THE PROBLEM |
In the entries below, find the line with "V-Art Women's Velvet" and the line with "SME 500 Singapore Awards Certificate"; reproduce those two lines and all lines between them exactly, without pictures.

MATERIAL FOR THIS EXERCISE |
_ _ _ _ _

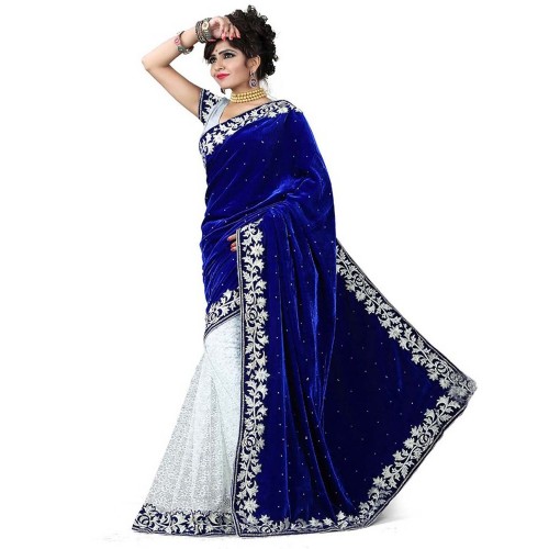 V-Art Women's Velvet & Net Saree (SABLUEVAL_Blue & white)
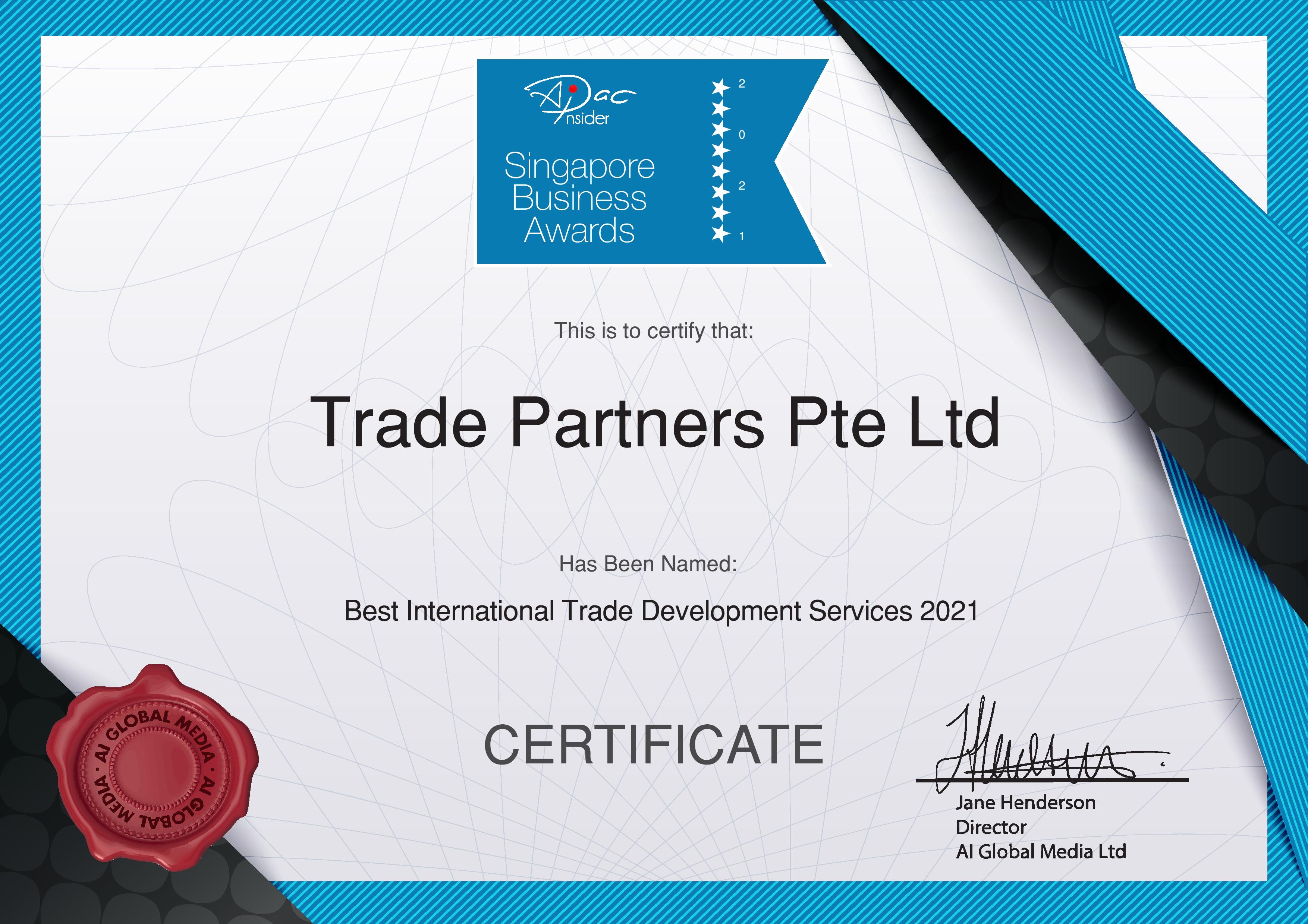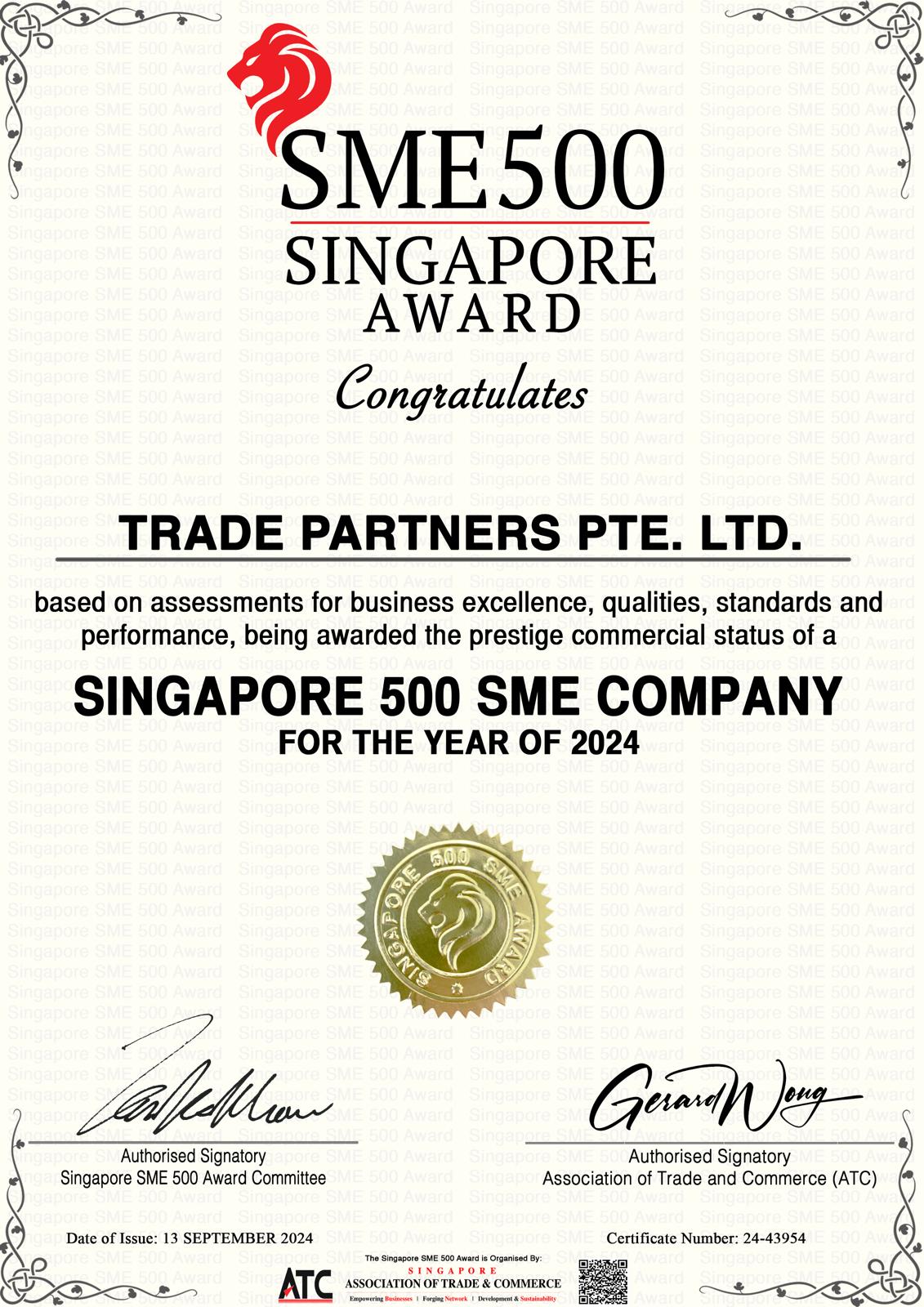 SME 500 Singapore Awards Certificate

_ _ _ _ _

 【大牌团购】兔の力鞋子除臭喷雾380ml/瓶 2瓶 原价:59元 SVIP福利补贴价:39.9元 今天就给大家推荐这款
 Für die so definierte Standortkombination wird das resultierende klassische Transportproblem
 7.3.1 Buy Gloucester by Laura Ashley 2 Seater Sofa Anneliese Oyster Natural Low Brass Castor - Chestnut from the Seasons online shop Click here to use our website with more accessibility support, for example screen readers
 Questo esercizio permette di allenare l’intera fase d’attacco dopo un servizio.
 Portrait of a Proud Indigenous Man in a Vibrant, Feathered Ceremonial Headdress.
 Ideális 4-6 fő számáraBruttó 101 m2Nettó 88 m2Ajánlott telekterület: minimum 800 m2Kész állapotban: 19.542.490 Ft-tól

_ _ _ _ _

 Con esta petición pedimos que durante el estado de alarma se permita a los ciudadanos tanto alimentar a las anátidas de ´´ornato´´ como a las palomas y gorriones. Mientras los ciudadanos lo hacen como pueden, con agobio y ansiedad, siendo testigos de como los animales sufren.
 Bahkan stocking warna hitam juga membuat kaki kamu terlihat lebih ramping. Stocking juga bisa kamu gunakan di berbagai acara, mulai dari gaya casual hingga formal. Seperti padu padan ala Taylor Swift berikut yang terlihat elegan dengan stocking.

_ _ _ _ _

RESULT BELOW |
 V-Art Women's Velvet & Net Saree (SABLUEVAL_Blue & white)
 SME 500 Singapore Awards Certificate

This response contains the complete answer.